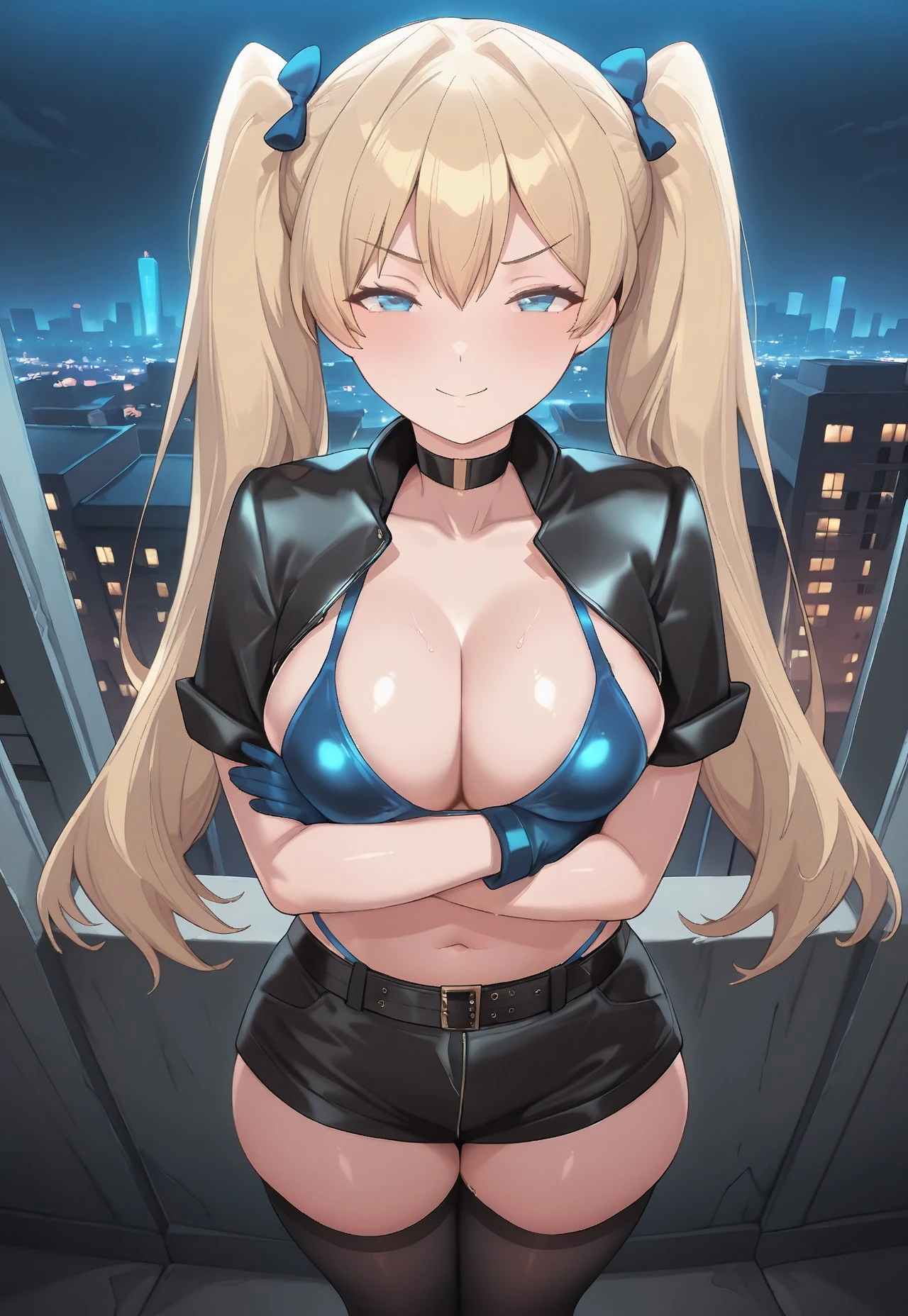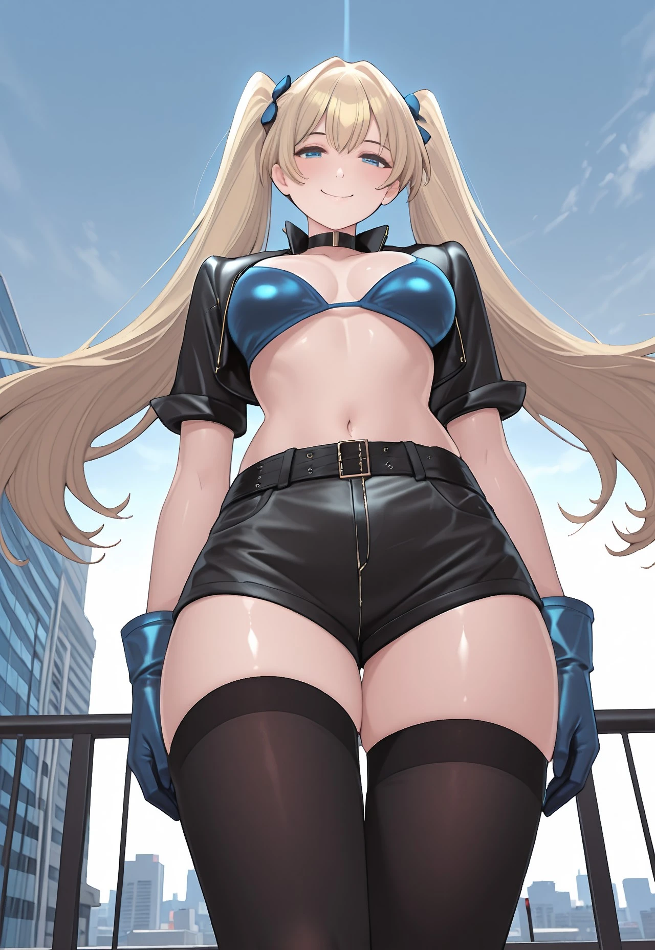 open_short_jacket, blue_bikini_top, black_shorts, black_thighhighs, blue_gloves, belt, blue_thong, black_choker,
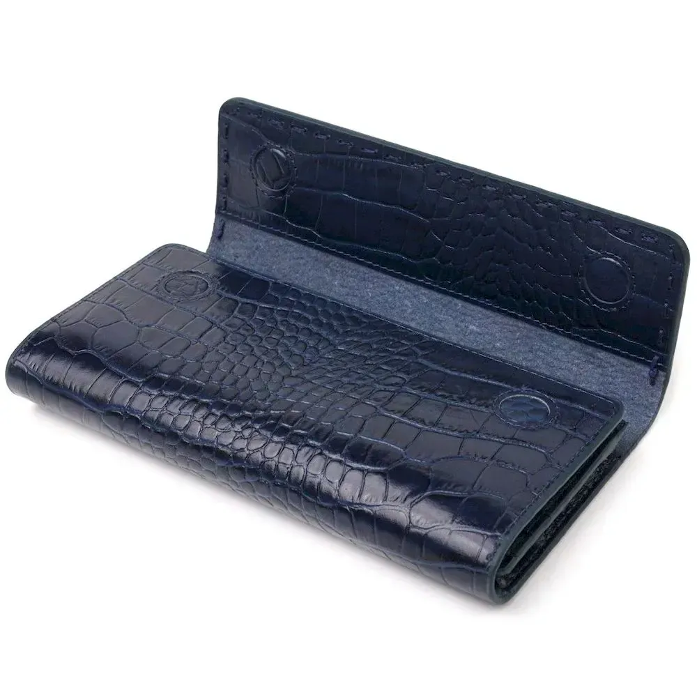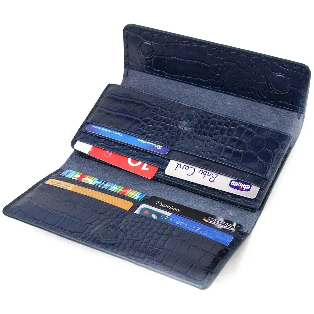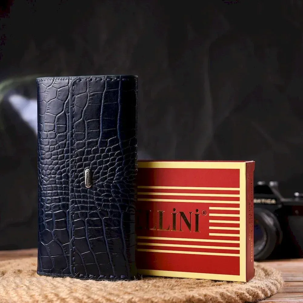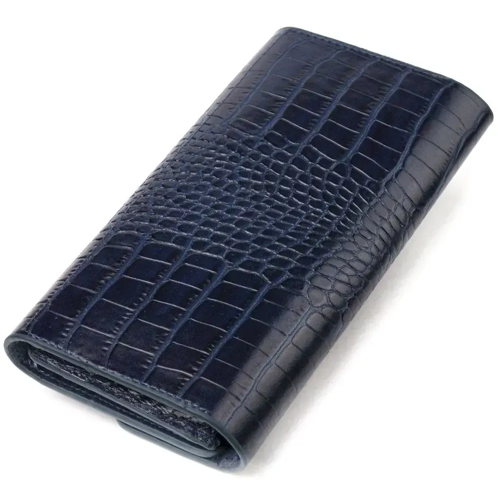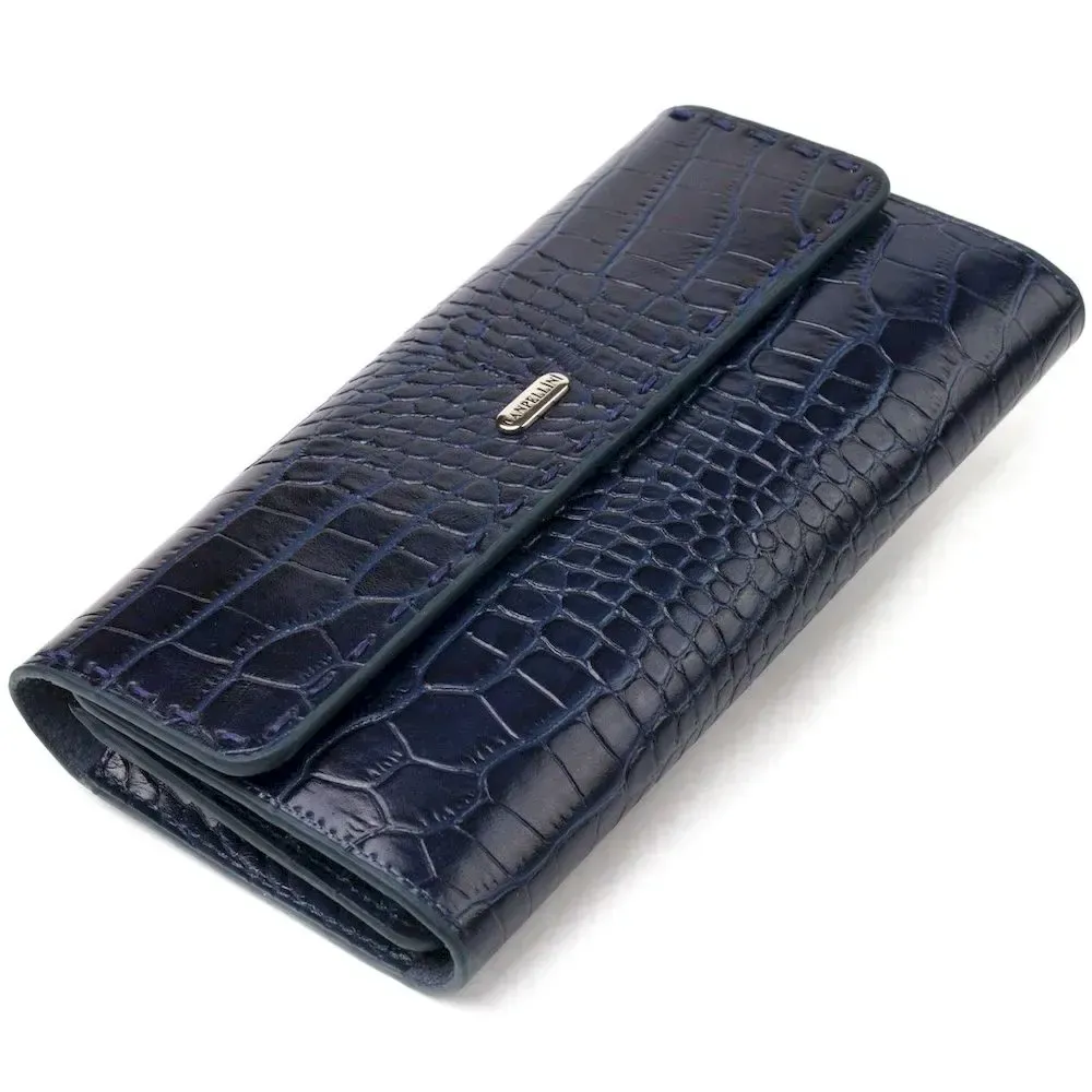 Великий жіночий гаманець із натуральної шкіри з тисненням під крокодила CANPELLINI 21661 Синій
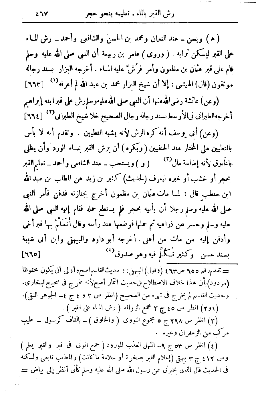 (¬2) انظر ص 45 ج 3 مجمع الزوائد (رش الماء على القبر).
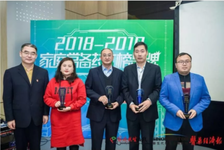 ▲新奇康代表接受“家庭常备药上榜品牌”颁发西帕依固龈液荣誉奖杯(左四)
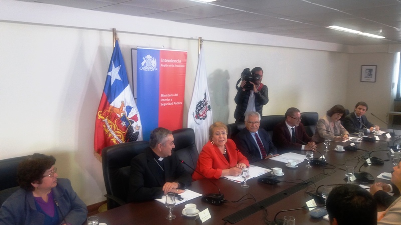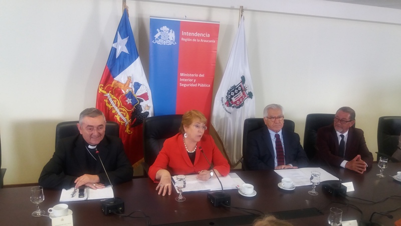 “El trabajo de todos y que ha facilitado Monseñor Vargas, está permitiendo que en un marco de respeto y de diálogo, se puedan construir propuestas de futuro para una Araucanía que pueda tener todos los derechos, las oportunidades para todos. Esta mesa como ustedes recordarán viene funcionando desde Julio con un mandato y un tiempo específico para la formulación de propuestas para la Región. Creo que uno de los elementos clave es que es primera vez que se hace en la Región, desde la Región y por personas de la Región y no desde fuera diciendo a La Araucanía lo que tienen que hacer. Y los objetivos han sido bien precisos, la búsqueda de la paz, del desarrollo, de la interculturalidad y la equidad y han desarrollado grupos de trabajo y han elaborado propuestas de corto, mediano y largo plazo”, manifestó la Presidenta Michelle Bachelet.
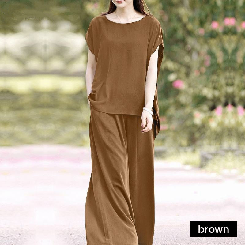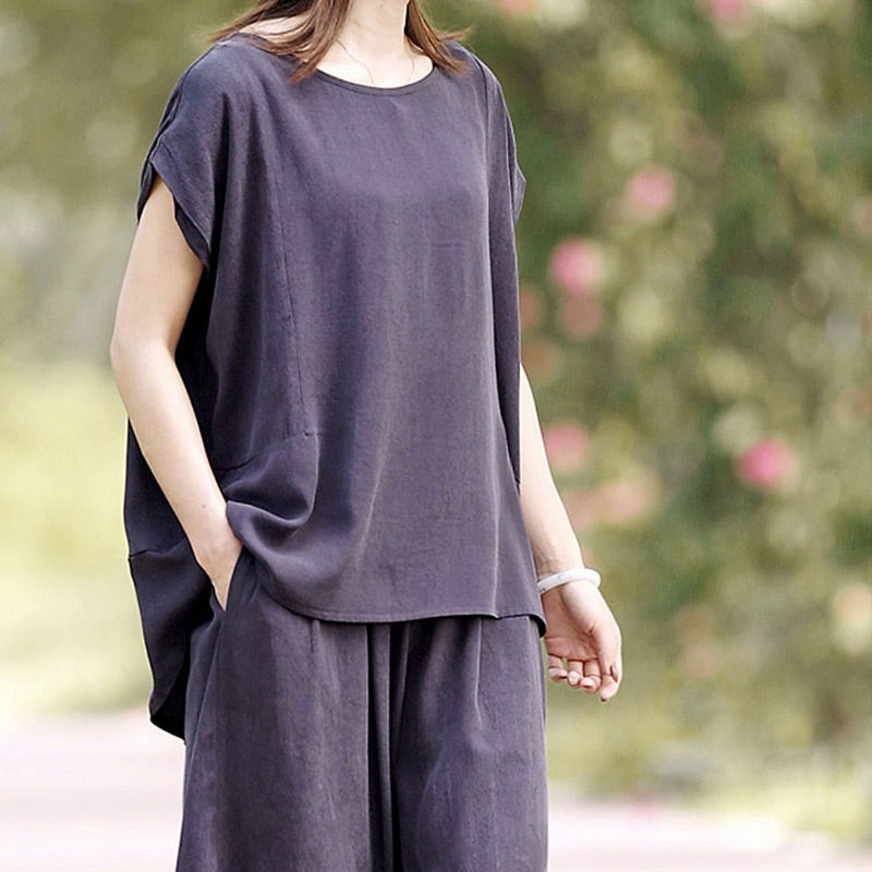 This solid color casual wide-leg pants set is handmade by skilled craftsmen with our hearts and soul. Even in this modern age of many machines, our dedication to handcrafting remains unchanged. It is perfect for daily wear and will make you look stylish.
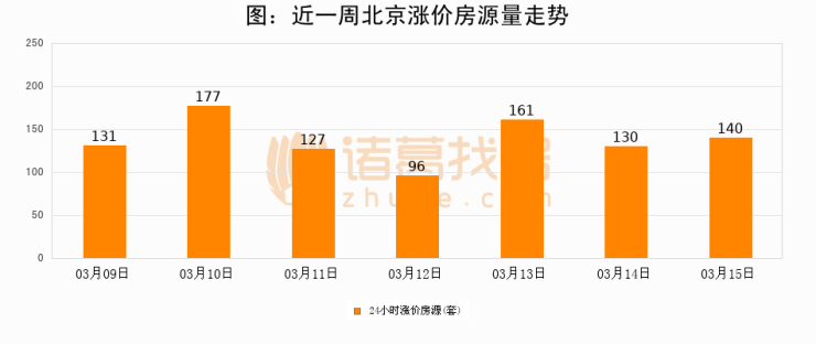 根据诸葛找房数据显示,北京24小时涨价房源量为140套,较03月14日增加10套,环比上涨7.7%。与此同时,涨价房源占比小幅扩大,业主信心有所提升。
________________
• **BRIEF**: Each record must be returned exactly as it stands, and the images omitted.

• **YOUR RESPONSE**:
 open_short_jacket, blue_bikini_top, black_shorts, black_thighhighs, blue_gloves, belt, blue_thong, black_choker,
 Великий жіночий гаманець із натуральної шкіри з тисненням під крокодила CANPELLINI 21661 Синій
 (¬2) انظر ص 45 ج 3 مجمع الزوائد (رش الماء على القبر).
 ▲新奇康代表接受“家庭常备药上榜品牌”颁发西帕依固龈液荣誉奖杯(左四)
 “El trabajo de todos y que ha facilitado Monseñor Vargas, está permitiendo que en un marco de respeto y de diálogo, se puedan construir propuestas de futuro para una Araucanía que pueda tener todos los derechos, las oportunidades para todos. Esta mesa como ustedes recordarán viene funcionando desde Julio con un mandato y un tiempo específico para la formulación de propuestas para la Región. Creo que uno de los elementos clave es que es primera vez que se hace en la Región, desde la Región y por personas de la Región y no desde fuera diciendo a La Araucanía lo que tienen que hacer. Y los objetivos han sido bien precisos, la búsqueda de la paz, del desarrollo, de la interculturalidad y la equidad y han desarrollado grupos de trabajo y han elaborado propuestas de corto, mediano y largo plazo”, manifestó la Presidenta Michelle Bachelet.
 This solid color casual wide-leg pants set is handmade by skilled craftsmen with our hearts and soul. Even in this modern age of many machines, our dedication to handcrafting remains unchanged. It is perfect for daily wear and will make you look stylish.
 根据诸葛找房数据显示,北京24小时涨价房源量为140套,较03月14日增加10套,环比上涨7.7%。与此同时,涨价房源占比小幅扩大,业主信心有所提升。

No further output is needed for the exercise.